- From 31 July to 11 August 2023, UNITAR will hold an exhibit featuring its Hiroshima Training Programme on Nuclear Disarmament and Non-Proliferation in Vienna, Austria.
- The exhibit's theme is "Dialogue as a key to achieving global peace," highlighting information about the programme's background and testimonials from its alumni.
- The exhibit will be featured throughout the first session of the Preparatory Committee for the 2026 Review of the Parties to the Treaty on the Non-Proliferation of Nuclear Weapons (NPT), organized by the United Nations Office for Disarmament Affairs.
28 July, Hiroshima, Japan – UNITAR will hold an exhibit featuring its Hiroshima Training Programme on Nuclear Disarmament and Non-Proliferation from 31 July to 11 August 2023 in Vienna. The exhibit will be featured throughout the first session of the Preparatory Committee for the 2026 Review of the Parties to the Treaty on the Non-Proliferation of Nuclear Weapons (NPT), organized by the United Nations Office for Disarmament Affairs.

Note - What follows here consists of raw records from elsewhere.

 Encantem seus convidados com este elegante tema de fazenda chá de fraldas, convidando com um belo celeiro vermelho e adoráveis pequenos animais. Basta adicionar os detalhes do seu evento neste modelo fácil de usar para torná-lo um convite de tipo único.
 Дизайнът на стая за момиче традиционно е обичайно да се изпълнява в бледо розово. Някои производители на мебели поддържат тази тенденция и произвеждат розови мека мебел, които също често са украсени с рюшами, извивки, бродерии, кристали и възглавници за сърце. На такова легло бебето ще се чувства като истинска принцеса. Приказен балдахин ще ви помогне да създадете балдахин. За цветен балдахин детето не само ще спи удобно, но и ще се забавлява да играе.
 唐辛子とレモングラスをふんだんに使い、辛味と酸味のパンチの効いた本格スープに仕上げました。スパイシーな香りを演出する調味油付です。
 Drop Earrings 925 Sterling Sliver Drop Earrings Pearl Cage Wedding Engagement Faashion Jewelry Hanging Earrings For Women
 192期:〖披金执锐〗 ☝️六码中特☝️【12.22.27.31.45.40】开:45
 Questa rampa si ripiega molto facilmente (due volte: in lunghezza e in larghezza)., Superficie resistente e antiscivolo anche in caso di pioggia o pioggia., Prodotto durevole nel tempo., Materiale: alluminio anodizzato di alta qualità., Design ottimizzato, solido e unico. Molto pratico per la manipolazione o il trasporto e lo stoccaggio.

With “Dialogue as a key to achieving global peace” as a theme, the three-panel gallery will feature the background of the training programme and showcase alumni testimonials.
The Treaty on the Non-Proliferation of Nuclear Weapons (NPT)

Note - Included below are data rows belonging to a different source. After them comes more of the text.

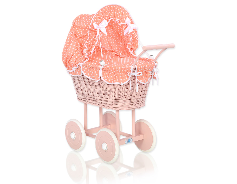 Jauhe Vaaleanpunainen punottu nuken vaunuJauhe Vaaleanpunainen punottu nuken vaunuJauhe Vaaleanpunainen punottu nuken vaunu
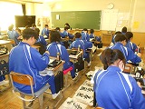 12月17日~24日まで、地域の方を招いて、全学級で書写の授業を行いました。これは、県の事業の1つである地域人材活用事業を利用したもので、生徒は、先生の話を聞きながらメモをとり、集中して真剣に書いていました。お忙しい中、お越しいただいた講師の先生に感謝申し上げます。
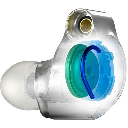 Avec le super tweeter placé en position coaxiale contre l'embout auriculaire et le transducteur de 12 mm de diamètre placé derrière lui, l'alignement des ondes sonores est optimisé grâce à l'ajustement précis de la largeur et de la longueur de chaque chemin acoustique.
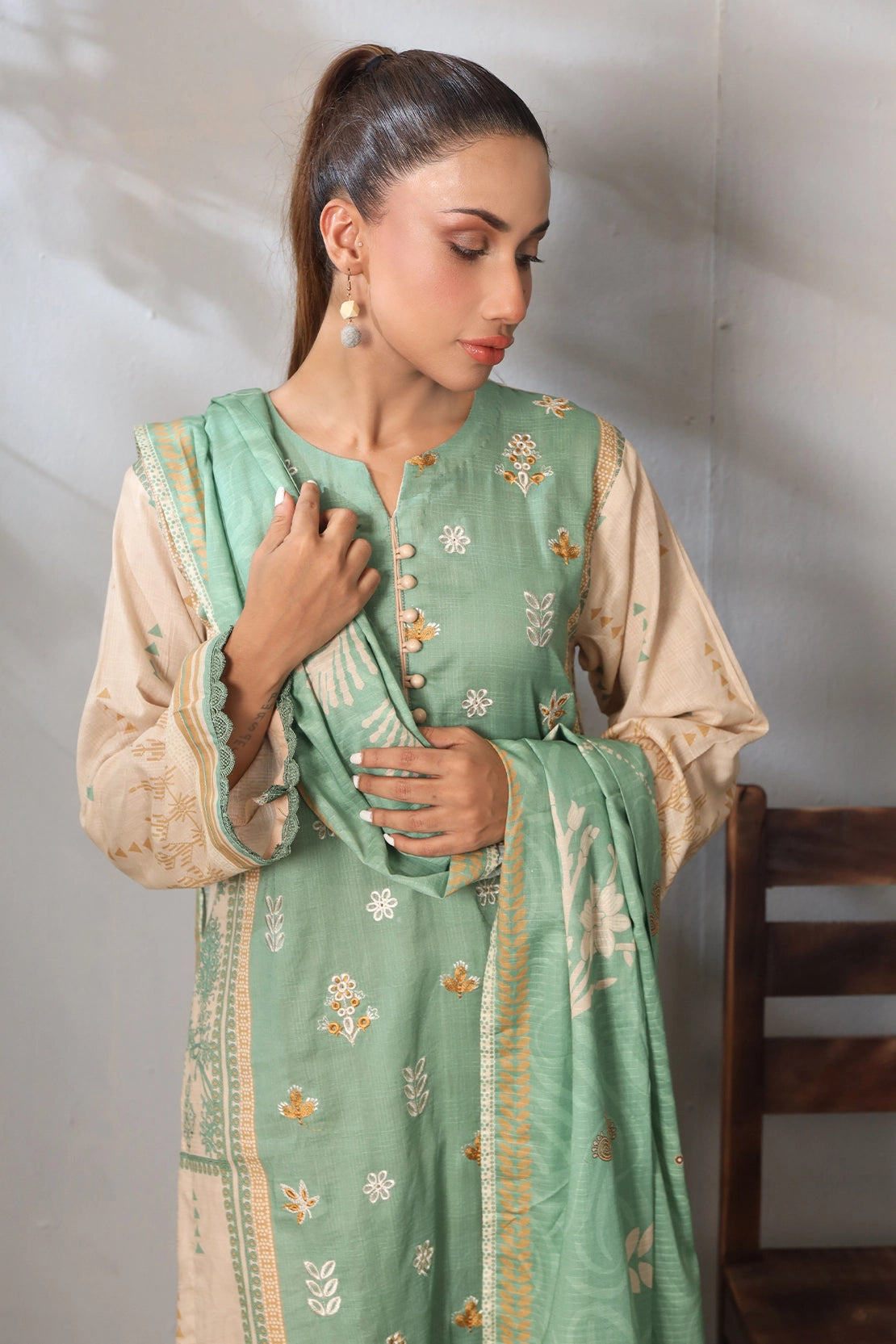 3 PIECE - PREMIUM EMBROIDERED LAWN - 9093

The NPT, which has been in effect since 1970 and extended indefinitely in 1995, aims to prevent the spread of nuclear weapons, and promote peaceful nuclear energy cooperation. It commits both nuclear- and non-nuclear-weapon states to prevent the acquisition and transfer of nuclear weapons and explosive devices.

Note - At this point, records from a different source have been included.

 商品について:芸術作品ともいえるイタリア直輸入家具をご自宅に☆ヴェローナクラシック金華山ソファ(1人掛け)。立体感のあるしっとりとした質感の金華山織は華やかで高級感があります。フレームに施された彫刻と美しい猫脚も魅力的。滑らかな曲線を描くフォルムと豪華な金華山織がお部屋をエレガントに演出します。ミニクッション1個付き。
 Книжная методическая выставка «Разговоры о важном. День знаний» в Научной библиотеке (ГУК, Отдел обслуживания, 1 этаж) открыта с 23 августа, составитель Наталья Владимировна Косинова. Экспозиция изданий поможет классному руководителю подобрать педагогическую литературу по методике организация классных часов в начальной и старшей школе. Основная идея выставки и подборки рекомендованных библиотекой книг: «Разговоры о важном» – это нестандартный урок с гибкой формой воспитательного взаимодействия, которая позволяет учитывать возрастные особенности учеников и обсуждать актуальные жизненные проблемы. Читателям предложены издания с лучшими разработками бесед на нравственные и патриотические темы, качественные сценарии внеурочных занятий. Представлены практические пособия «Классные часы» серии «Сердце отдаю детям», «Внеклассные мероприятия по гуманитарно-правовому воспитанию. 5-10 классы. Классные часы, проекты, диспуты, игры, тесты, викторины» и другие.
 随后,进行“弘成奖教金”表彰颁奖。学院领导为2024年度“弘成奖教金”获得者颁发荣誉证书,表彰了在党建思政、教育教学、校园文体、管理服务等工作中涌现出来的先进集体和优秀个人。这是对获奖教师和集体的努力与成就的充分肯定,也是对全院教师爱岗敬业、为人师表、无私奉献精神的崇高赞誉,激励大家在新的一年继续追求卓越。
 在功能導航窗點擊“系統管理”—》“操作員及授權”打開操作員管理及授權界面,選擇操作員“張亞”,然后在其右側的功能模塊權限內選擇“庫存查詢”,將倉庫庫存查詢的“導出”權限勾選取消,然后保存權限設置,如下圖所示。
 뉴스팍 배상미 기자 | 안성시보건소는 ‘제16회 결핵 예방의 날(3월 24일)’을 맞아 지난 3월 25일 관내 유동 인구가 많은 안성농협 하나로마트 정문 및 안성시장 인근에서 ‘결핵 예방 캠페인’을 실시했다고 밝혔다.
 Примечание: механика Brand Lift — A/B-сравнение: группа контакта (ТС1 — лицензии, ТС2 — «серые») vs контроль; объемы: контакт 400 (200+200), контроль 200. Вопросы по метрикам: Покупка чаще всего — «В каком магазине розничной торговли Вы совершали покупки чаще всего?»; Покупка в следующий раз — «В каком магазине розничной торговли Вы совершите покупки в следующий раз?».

The Preparatory Committee is responsible for addressing substantive and procedural issues related to the Treaty and the forthcoming 2026 Review Conference. The upcoming session is one of the Committee’s three planned sessions.
UNITAR Hiroshima’s Training Programme on Nuclear Disarmament and Non-Proliferation
The UNITAR Division for Prosperity / Hiroshima Office Training Programme on Nuclear Disarmament and Non-Proliferation aims to expand diplomats’ understanding of the nuclear-arms-control debate and promote regional cooperation among Asia and its surrounding states towards nuclear disarmament and global peace. In cooperation with the Hiroshima Prefectural Government and the City of Hiroshima, the UNITAR nuclear disarmament programme has trained 155 diplomats from ministries of foreign affairs and defence since its inception in 2015.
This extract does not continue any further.